DATASET CONTENT ::

○ ○ ○ ○ ○ ○ ○

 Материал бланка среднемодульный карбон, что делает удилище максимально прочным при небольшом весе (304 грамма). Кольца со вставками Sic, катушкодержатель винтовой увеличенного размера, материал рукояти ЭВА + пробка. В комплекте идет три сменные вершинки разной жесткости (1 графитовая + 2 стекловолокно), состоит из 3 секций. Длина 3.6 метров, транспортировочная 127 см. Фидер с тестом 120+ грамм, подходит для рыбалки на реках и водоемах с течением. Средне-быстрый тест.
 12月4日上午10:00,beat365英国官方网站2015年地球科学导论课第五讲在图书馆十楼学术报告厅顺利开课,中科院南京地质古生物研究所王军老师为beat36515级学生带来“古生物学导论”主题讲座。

○ ○ ○ ○ ○ ○ ○

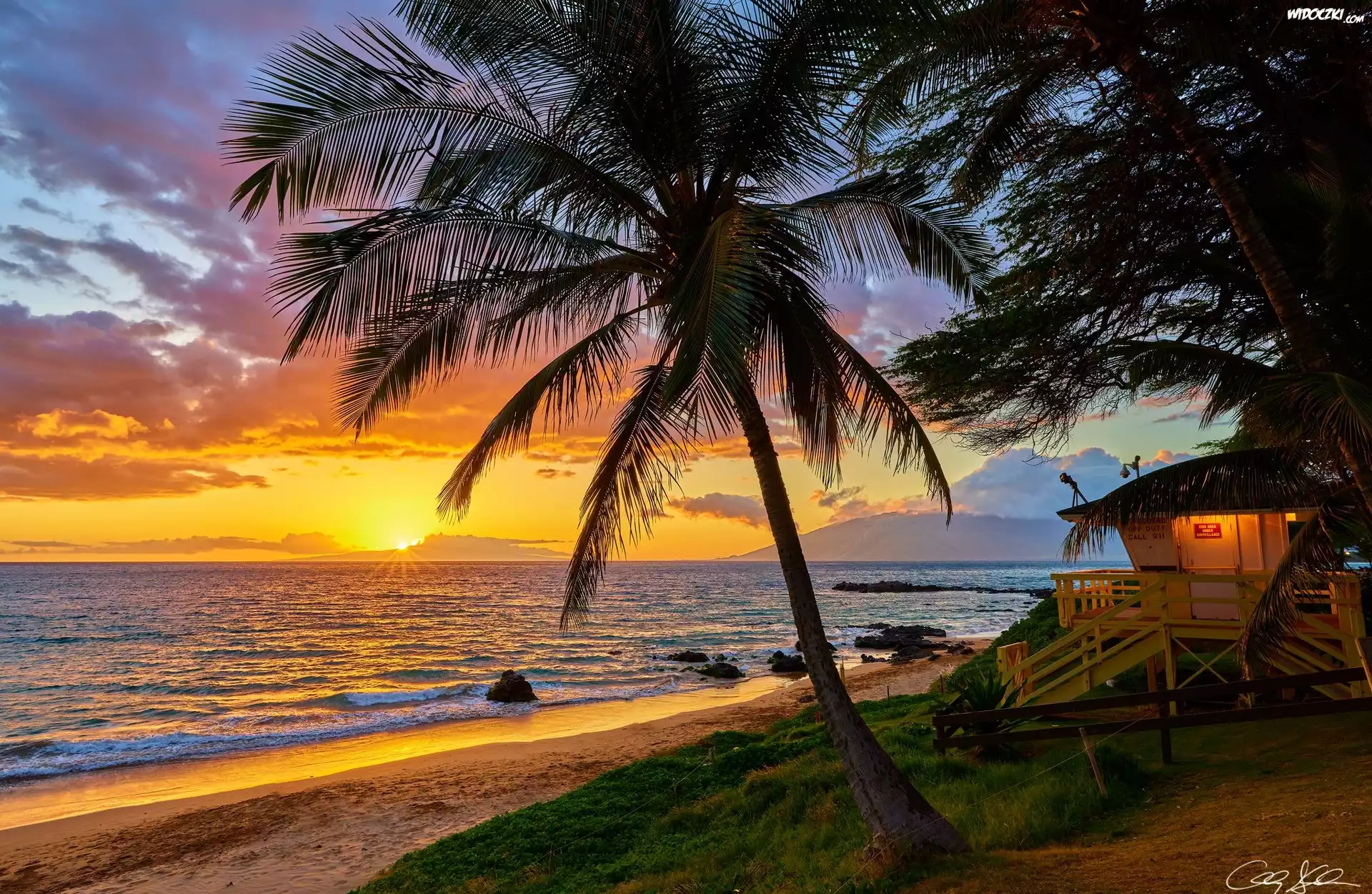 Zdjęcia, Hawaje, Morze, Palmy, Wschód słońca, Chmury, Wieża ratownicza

○ ○ ○ ○ ○ ○ ○

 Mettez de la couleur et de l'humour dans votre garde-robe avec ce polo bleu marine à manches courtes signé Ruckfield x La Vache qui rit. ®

○ ○ ○ ○ ○ ○ ○

WORK TO BE COMPLETED :: Set down precisely the lines above between the line holding "Материал бланка среднемодульный" and the line holding "12月4日上午10:00,b", inclusive, and nothing beyond them.

RESPONSE TO THE EXERCISE ::
 Материал бланка среднемодульный карбон, что делает удилище максимально прочным при небольшом весе (304 грамма). Кольца со вставками Sic, катушкодержатель винтовой увеличенного размера, материал рукояти ЭВА + пробка. В комплекте идет три сменные вершинки разной жесткости (1 графитовая + 2 стекловолокно), состоит из 3 секций. Длина 3.6 метров, транспортировочная 127 см. Фидер с тестом 120+ грамм, подходит для рыбалки на реках и водоемах с течением. Средне-быстрый тест.
 12月4日上午10:00,beat365英国官方网站2015年地球科学导论课第五讲在图书馆十楼学术报告厅顺利开课,中科院南京地质古生物研究所王军老师为beat36515级学生带来“古生物学导论”主题讲座。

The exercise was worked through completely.